When I talk about marketing-oriented microsites being micro, that suggestions a basic definitional question: what is micro, really, in the context of microsites? How small does small go?

Why microsites and not nanosites?

Well, while I had never heard the phrase “nanosites” before–until I just invented it now (and I’m not going to Google it to see if someone used it before because I want to pretend that I’m the first one ever to use that awesome phrase)–I would define it as one of those one-page sites. A Parallax site. If your whole site is just one page where you, say, skip down and up and down and up to different sections: that’s a nanosite.

Said differently, a nanosite is effectively a landing page, albeit it could be one that is much better designed.

A full-fledged, non-micro site, on the other hand is, well, a “real” site. Lots of sections. Lots of content. Lots of pages. You want details on this process, that product, that other situation, and so forth–it’s all on there somewhere. Real sites tend to have hundreds of pages of content (including products/SKUs/etc). As a rule of thumb, “real” sites have at least 65 unique pages. Of course, that’s not a hard and fast law, just a general pattern.

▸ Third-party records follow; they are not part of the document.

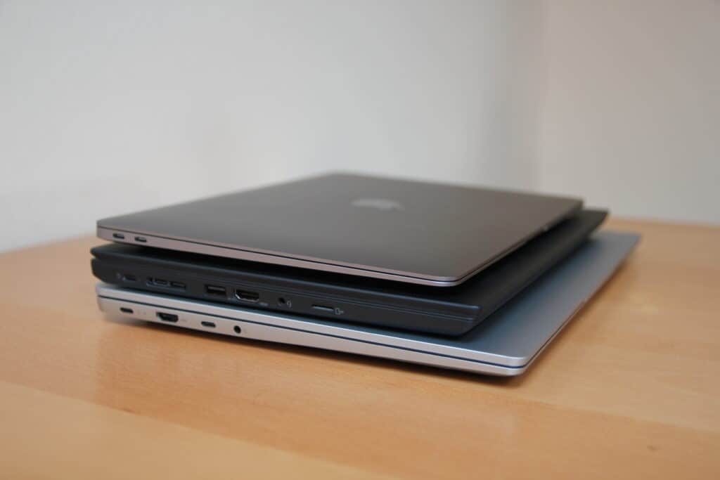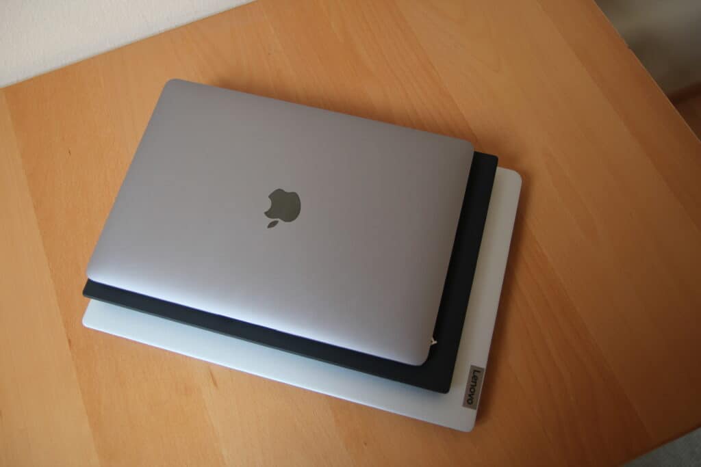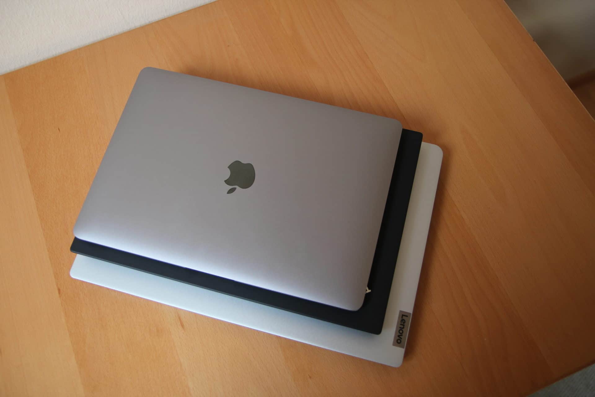 Nachfolgend ein Größenvergleich zwischen Lenovo IdeaPad 5 Pro 16", ThinkPad T495 14" und MacBook Air M1 13.3".
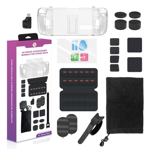 -Ten zestaw 19 w 1 został specjalnie zaprojektowany do Steam Deck i zawiera niezbędne akcesoria ochronne do konsoli do gier.
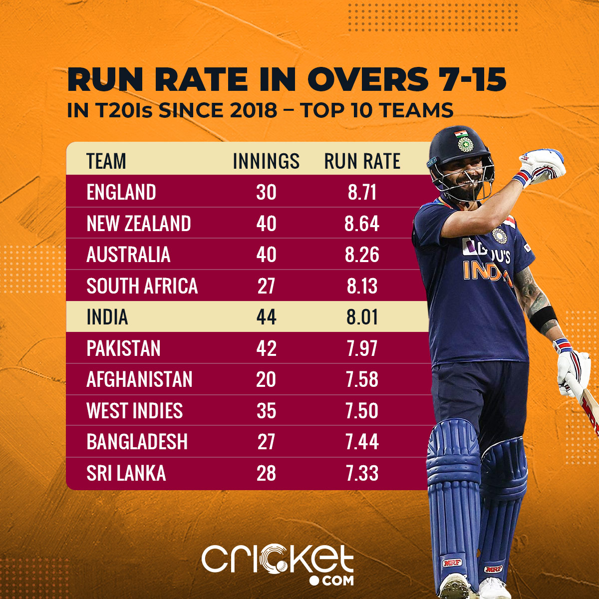 India need an enforcer at number four. Since 2018, India’s run-rate in overs 7-15 has been a notch lower than other sides eyeing the coveted trophy later this year.
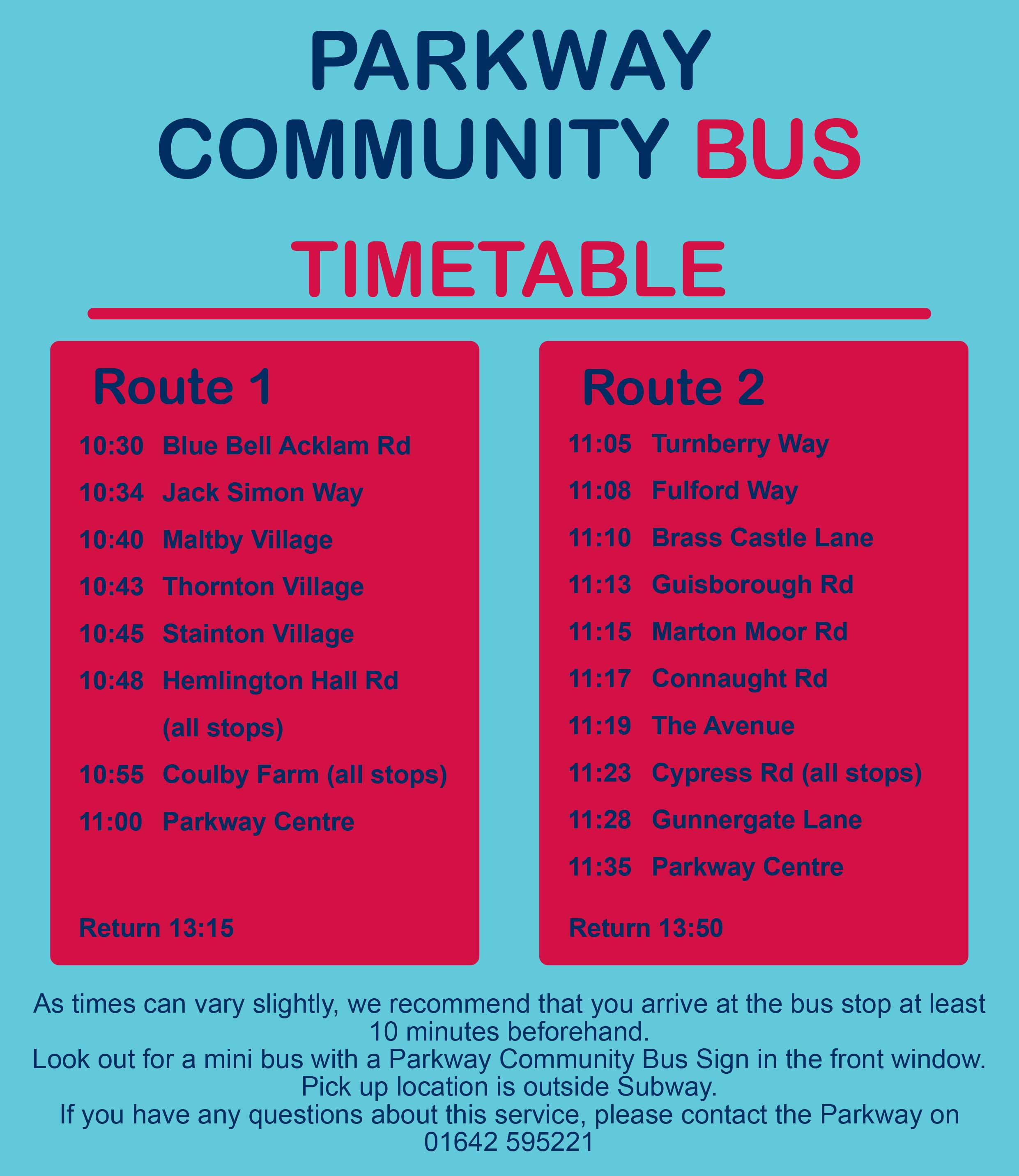 The Parkway Shopping Centre offers a community bus which timetable can be view by clicking here

Guess what how big the microsite is?

There are three answers, and one of the first one is: In-between those two extremes.

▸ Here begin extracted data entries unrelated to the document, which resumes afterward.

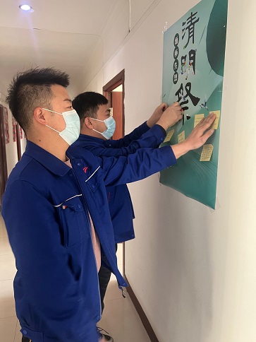 受新冠肺炎疫情影響,避免人群聚集,黨支部制作了祭英烈、宣傳文明祭掃海報,張貼在樓道醒目位置,引導黨員干部在緬懷先輩的情懷中弘揚傳統、增進愛黨、愛國、愛社會主義的情感,通過留言寄語,表達對革命先烈的緬懷和崇敬之情,同時要求黨員干部要以身作則,努力在節儉治喪、文明祭掃等方面作表率,以實際行動影響和帶動身邊群眾,做文明之風的倡導者和傳播者,做革除陋習的先行者、移風易俗的推進者、文明祭祀的示范者。
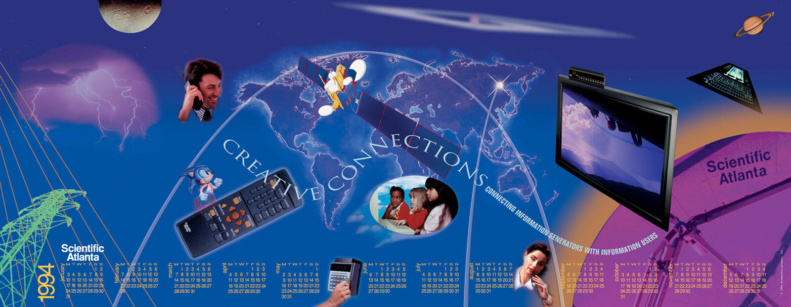 At the end of 1993, Kevin Ames, Eddie Tapp and graphic designer Linda Adams Wellin, were commissioned to create a large, poster calendar for Scientific Atlanta that showed all of the products and services the company offered.
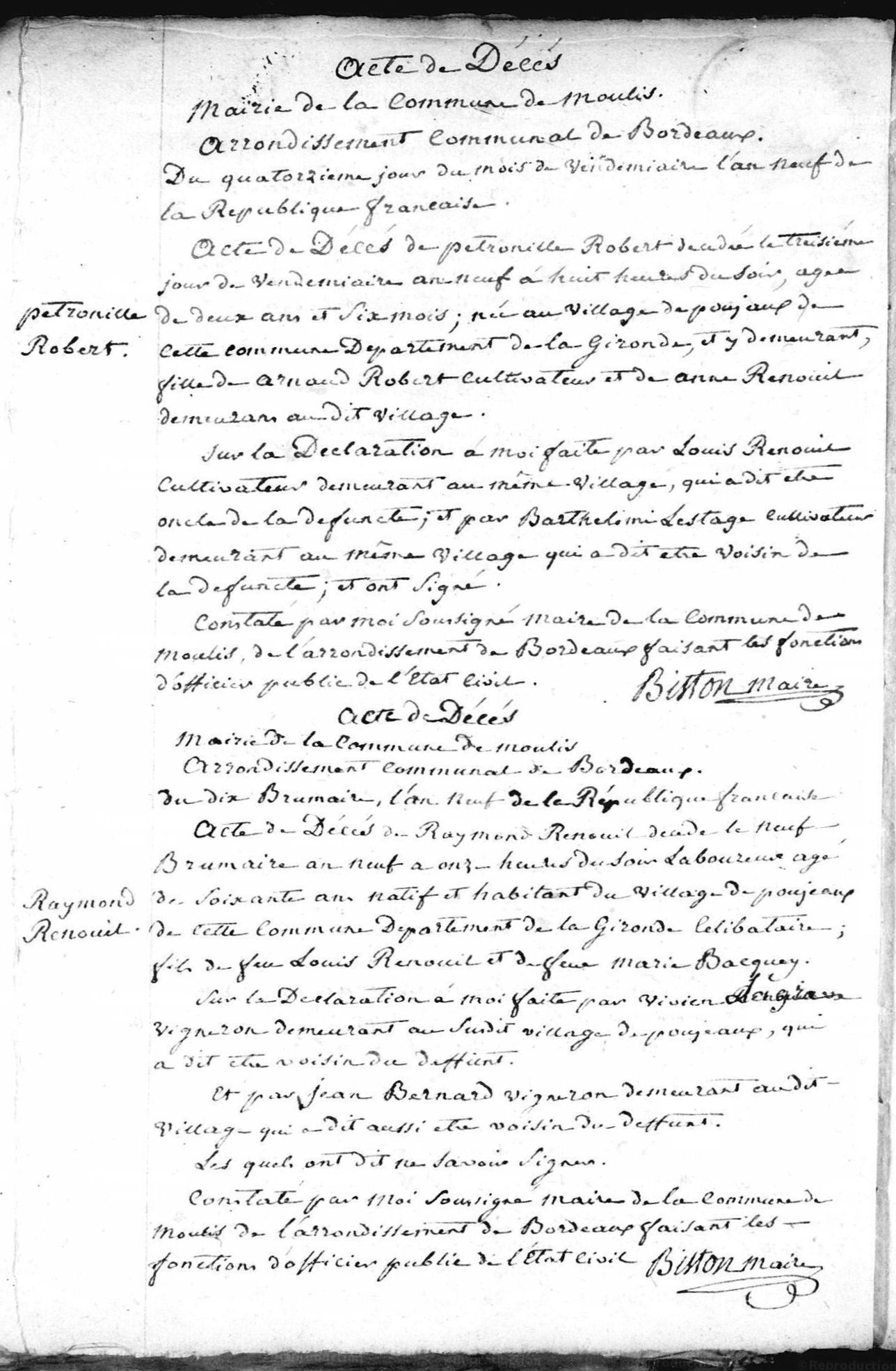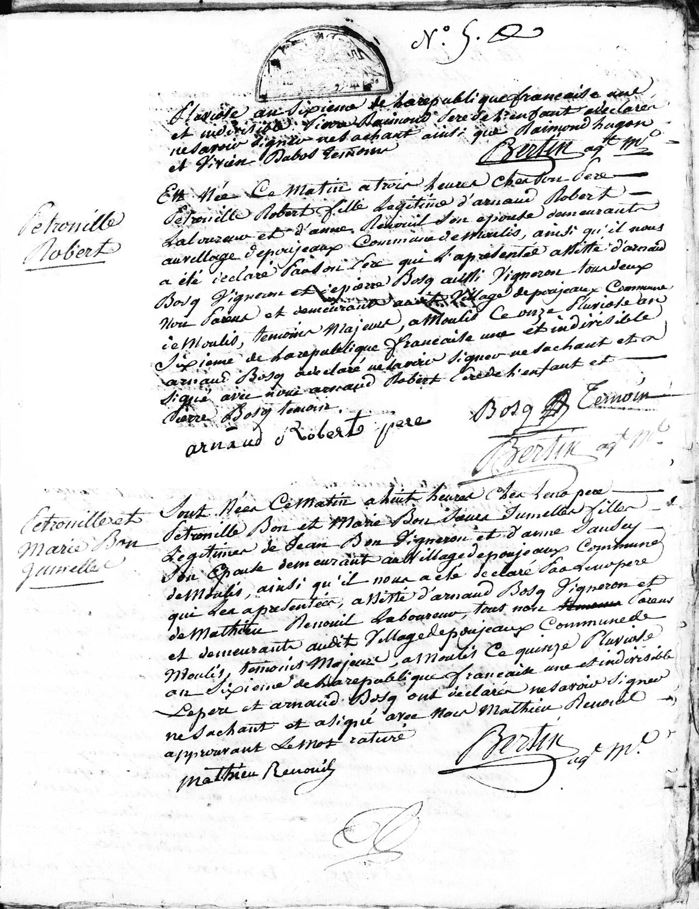 Anne Renouil son épouse demeurant au village de Poujeaux, commune de Moulis, ainsi qu’il nous a été déclaré par son père qui l’a présentée, assisté d’Arnaud Bosq, vigneron, et de Pierre Bosq, aussi vigneron, tous deux non parents et demeurant audit village de Poujeaux, commune de Moulis, témoins majeurs. À Moulis le onze pluviôse an sixième de la République française une et indivisible. Arnaud Bosq a déclaré ne savoir signer ne sachant ; et ont signé avec nous Arnaud Robert, père de l’enfant, et Pierre Bosq, témoin.

A microsite is much more fleshed out and than a nanosite, but not up to the standards of a real site. It rarely includes SKUs or ecommerce. Just content deep enough to be real, but not especially deep.

This brings us to the second answer to the question: it has the smallest amount of content to be a real site. If you see a one page site you think it’s not serious, but the thousand page site usually is. So the amount of content and detail is just enough to show you’re serious, but not much more. So the strategic question is, what is the absolute minimum number of content you need to be considered serious?

A third way to answer it is this: every situation is different, but a rule of thumb is about 10 to 20 pages. That range is much greater than the nano-trivial site, but not quite approaching the real site size. Of course, every situation being so different, for your niche need, the answer may be 66 pages, so treat the rule of thumb as such, just a rule of thumb.

Conclusion? Every microsite marketing strategy is different, so approach yours with the TLC/Tender Love & Care it deserves. But there are definite patterns & rules of thumb to keep in mind while doing so.